Task to carry out
Take the listing below and output it exactly, with no images.
(Beginning of Task data)
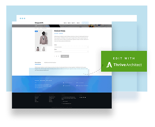 Customize your Product Page images, descriptions, reviews and more with the drag & drop power of Thrive Architect (Thrive Architect Lite is included inside Thrive Theme Builder).
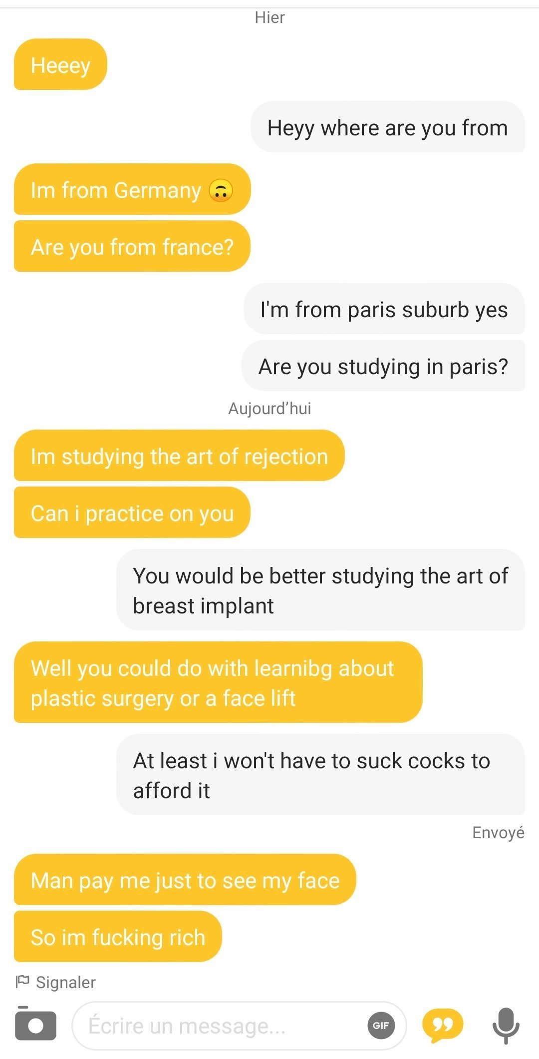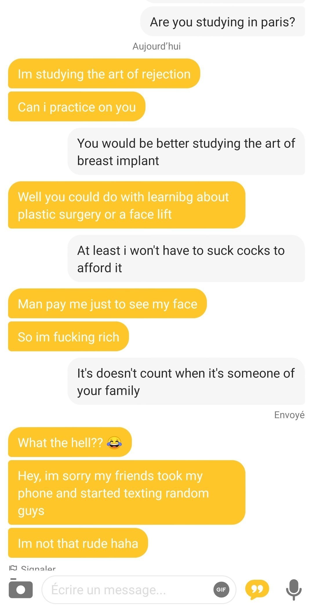 Le 04 octobre 2020 à 22:00:43 Drivaxaxe a écrit : je dis quoi? "Darling at least i won't have to suck somebodys dick to afford it "
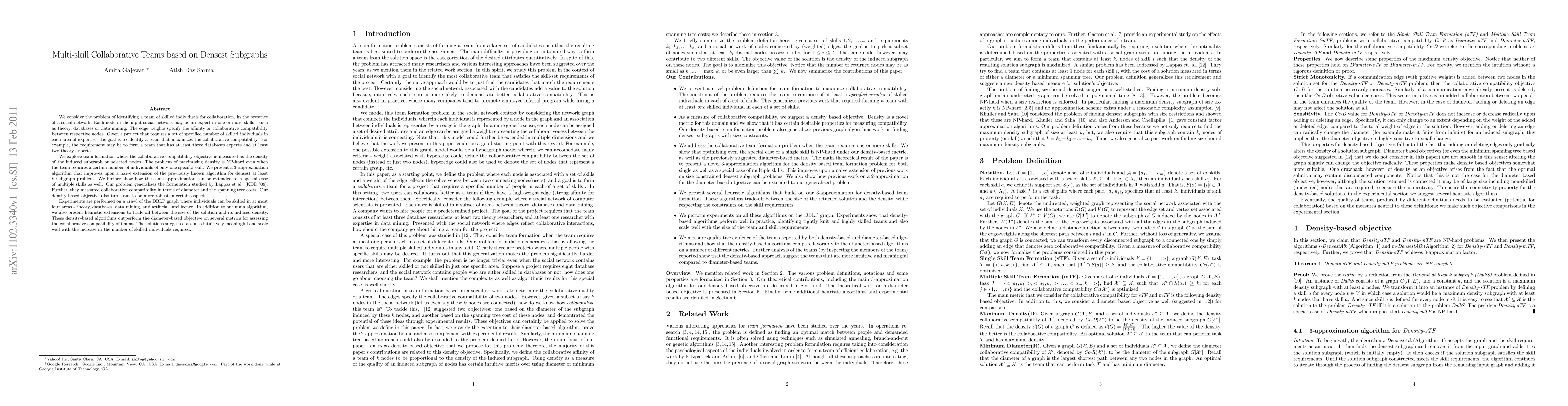 We consider the problem of identifying a team of skilled individuals for collaboration, in the presence of a social network. Each node in the social network may be an expert in one or more skills. Edge weights specify affinity or collaborative compatibility between respective nodes. Given a project that requires a set of specified number of skilled individuals in each area of expertise, the goal is to identify a team that maximizes the collaborative compatibility. For example, the requirement may be to form a team that has at least three databases experts and at least two theory experts. We explore team formation where the collaborative compatibility objective is measured as the density of the induced subgraph on selected nodes. The problem of maximizing density is NP-hard even when the team requires individuals of only one skill. We present a 3-approximation algorithm that improves upon a naive extension of the previously known algorithm for densest at least $k$ subgraph problem. We further show how the same approximation can be extended to a special case of multiple skills. Our problem generalizes the formulation studied by Lappas et al. [KDD '09] who measure team compatibility in terms of diameter or spanning tree costs. Experiments are performed on a crawl of the DBLP graph where individuals can be skilled in at most four areas - theory, databases, data mining, and artificial intelligence. In addition to our main algorithm, we also present heuristic extensions to trade off between the size of the solution and its induced density. These density-based algorithms outperform the diameter-based objective on several metrics for assessing the collaborative compatibility of teams. The solutions suggested are also intuitively meaningful and scale well with the increase in the number of skilled individuals required.
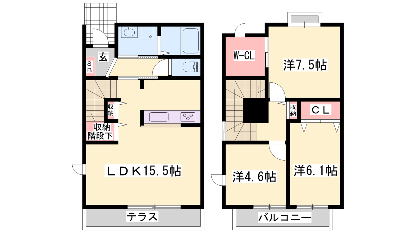 - LDK15.5帖、洋室7.5帖、洋室6.1帖、洋室4.6帖
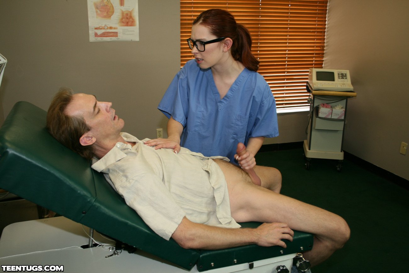 When Clint gets checked out for ED, he is amazed at the sexy nurse Melody in the doctors office. His cock gets immidiatly erect when she walks into the room. But too much blood rushing to his prick makes him pass out. Melody, loving the size of his cock decides to finish him off with a sexy nurse handjob.
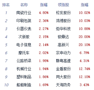 A股市场板块及个股涨跌幅排行
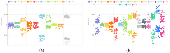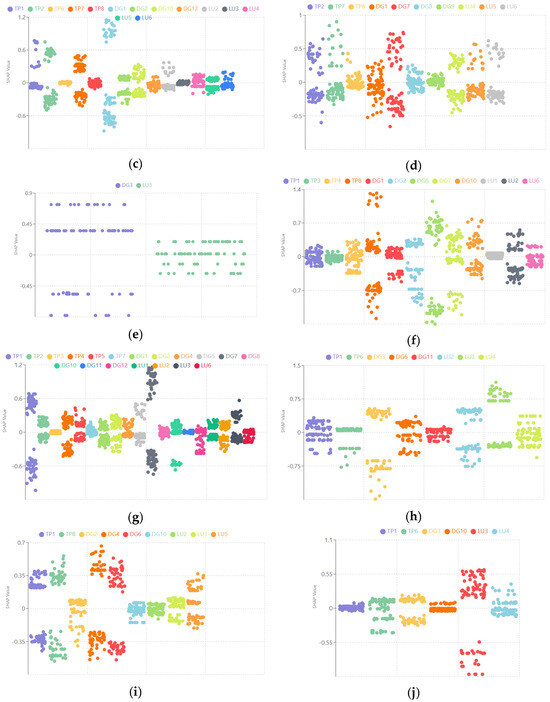 Combined swarm plots of SHAP values for XGBoost. (a) VT1. (b) VT2. (c) VT3. (d) SO1. (e) SO2. (f) SO3. (g) SO4. (h) SO5. (i) SO6. (j) SO7. (Note: VT1—small shuttle; VT2 —minibus shuttle; VT3—standard-sized conventional bus; SO1—completely replace conventional buses; SO2—operate as a connector to existing fixed-route bus services; SO3—connector to longer distance services; SO4—operate as private taxi services; SO5—accommodate as a multipurpose service; SO6—integrated with other transport offerings; SO7—operate 24/7; TP1—work; TP2—school; TP3—university; TP4—shopping; TP5—medical; TP6—leisure; TP7—emergency; TP8—special events; DG1—school children; DG2—university students; DG3—working professionals; DG4—senior citizens; DG5—tourists; DG6—leisure travelers; DG7—people with physical disabilities; DG8—people with sensory disabilities; DG9—people with cognitive disabilities; DG10—low-income individuals; DG11—middle-income individuals; DG12—high-income individuals; LU1—residential neighborhoods; LU2—industrial/business parks; LU3—university precincts; LU4—agricultural land areas; LU5—tourist destinations; LU6—town centres).
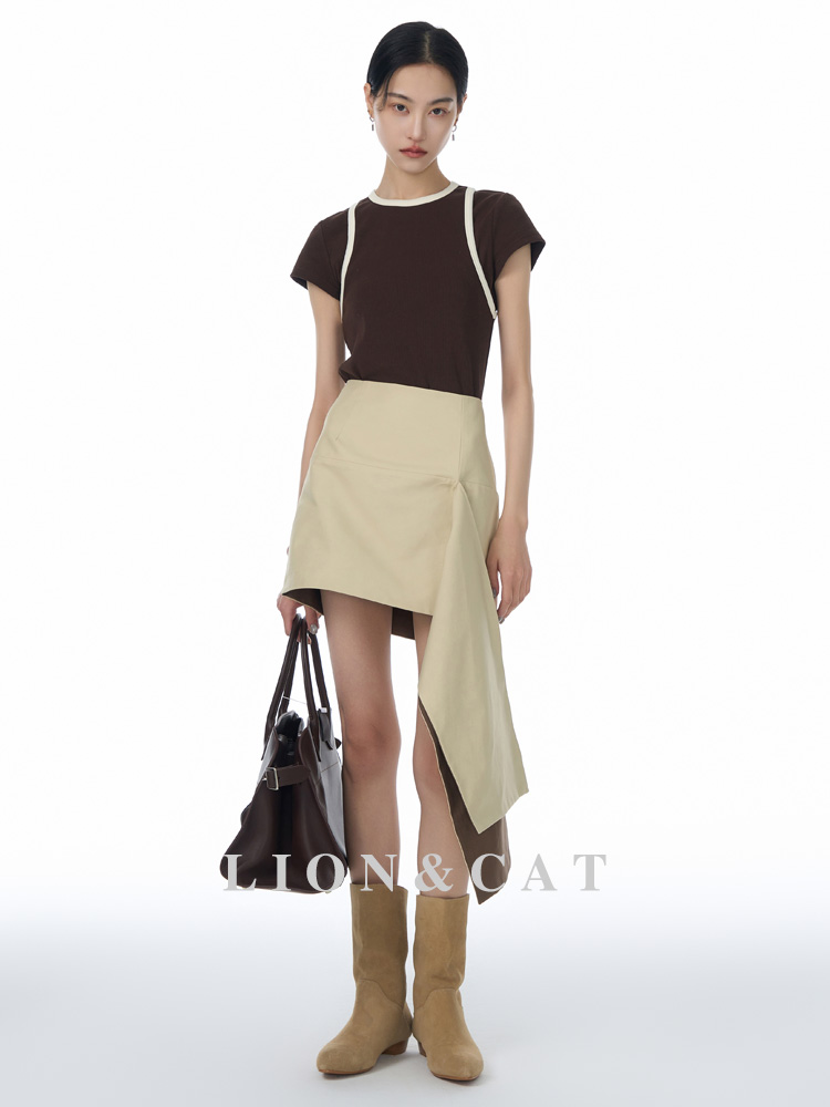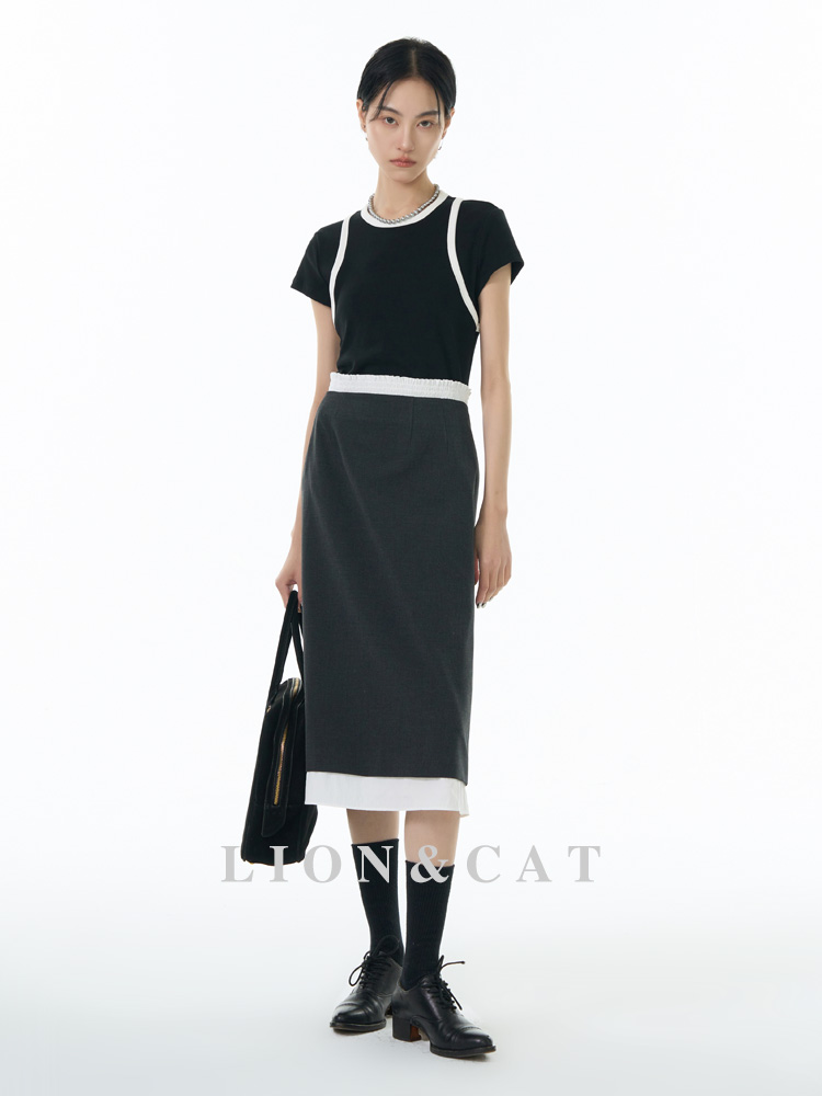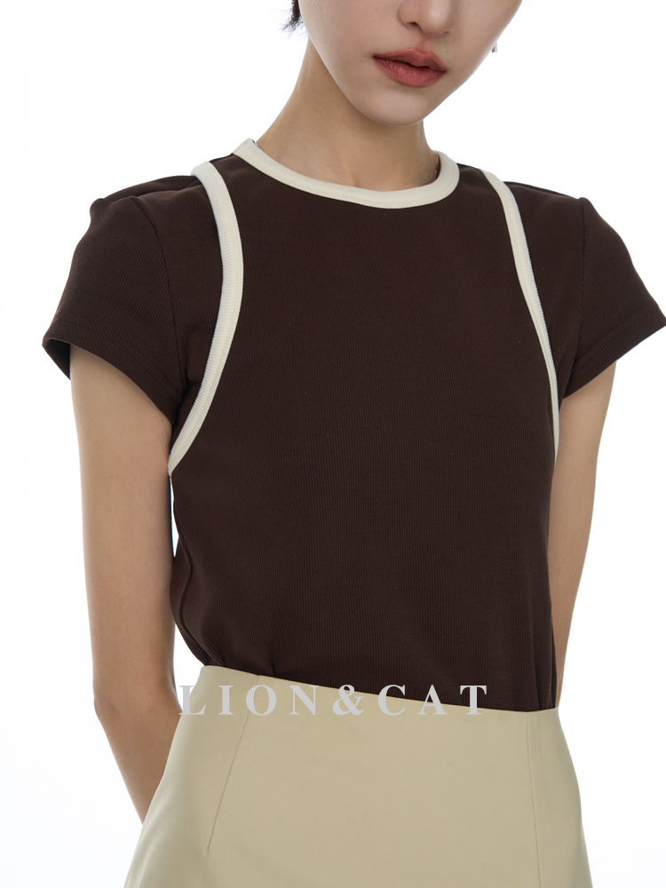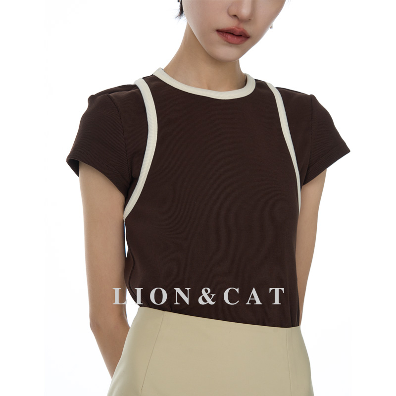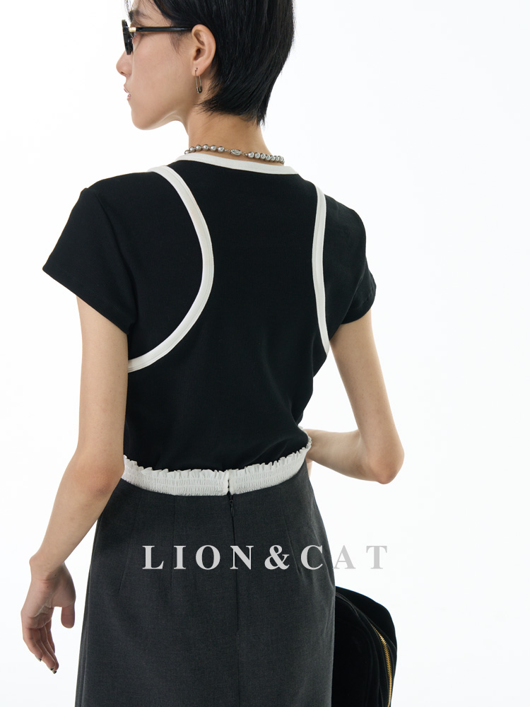 LIONCAT好穿推荐/复古时尚设计撞色假两件短袖T恤女短款百搭显瘦
(End of Task data)
Written answer
 Customize your Product Page images, descriptions, reviews and more with the drag & drop power of Thrive Architect (Thrive Architect Lite is included inside Thrive Theme Builder).
 Le 04 octobre 2020 à 22:00:43 Drivaxaxe a écrit : je dis quoi? "Darling at least i won't have to suck somebodys dick to afford it "
 We consider the problem of identifying a team of skilled individuals for collaboration, in the presence of a social network. Each node in the social network may be an expert in one or more skills. Edge weights specify affinity or collaborative compatibility between respective nodes. Given a project that requires a set of specified number of skilled individuals in each area of expertise, the goal is to identify a team that maximizes the collaborative compatibility. For example, the requirement may be to form a team that has at least three databases experts and at least two theory experts. We explore team formation where the collaborative compatibility objective is measured as the density of the induced subgraph on selected nodes. The problem of maximizing density is NP-hard even when the team requires individuals of only one skill. We present a 3-approximation algorithm that improves upon a naive extension of the previously known algorithm for densest at least $k$ subgraph problem. We further show how the same approximation can be extended to a special case of multiple skills. Our problem generalizes the formulation studied by Lappas et al. [KDD '09] who measure team compatibility in terms of diameter or spanning tree costs. Experiments are performed on a crawl of the DBLP graph where individuals can be skilled in at most four areas - theory, databases, data mining, and artificial intelligence. In addition to our main algorithm, we also present heuristic extensions to trade off between the size of the solution and its induced density. These density-based algorithms outperform the diameter-based objective on several metrics for assessing the collaborative compatibility of teams. The solutions suggested are also intuitively meaningful and scale well with the increase in the number of skilled individuals required.
 - LDK15.5帖、洋室7.5帖、洋室6.1帖、洋室4.6帖
 When Clint gets checked out for ED, he is amazed at the sexy nurse Melody in the doctors office. His cock gets immidiatly erect when she walks into the room. But too much blood rushing to his prick makes him pass out. Melody, loving the size of his cock decides to finish him off with a sexy nurse handjob.
 A股市场板块及个股涨跌幅排行
 Combined swarm plots of SHAP values for XGBoost. (a) VT1. (b) VT2. (c) VT3. (d) SO1. (e) SO2. (f) SO3. (g) SO4. (h) SO5. (i) SO6. (j) SO7. (Note: VT1—small shuttle; VT2 —minibus shuttle; VT3—standard-sized conventional bus; SO1—completely replace conventional buses; SO2—operate as a connector to existing fixed-route bus services; SO3—connector to longer distance services; SO4—operate as private taxi services; SO5—accommodate as a multipurpose service; SO6—integrated with other transport offerings; SO7—operate 24/7; TP1—work; TP2—school; TP3—university; TP4—shopping; TP5—medical; TP6—leisure; TP7—emergency; TP8—special events; DG1—school children; DG2—university students; DG3—working professionals; DG4—senior citizens; DG5—tourists; DG6—leisure travelers; DG7—people with physical disabilities; DG8—people with sensory disabilities; DG9—people with cognitive disabilities; DG10—low-income individuals; DG11—middle-income individuals; DG12—high-income individuals; LU1—residential neighborhoods; LU2—industrial/business parks; LU3—university precincts; LU4—agricultural land areas; LU5—tourist destinations; LU6—town centres).
 LIONCAT好穿推荐/复古时尚设计撞色假两件短袖T恤女短款百搭显瘦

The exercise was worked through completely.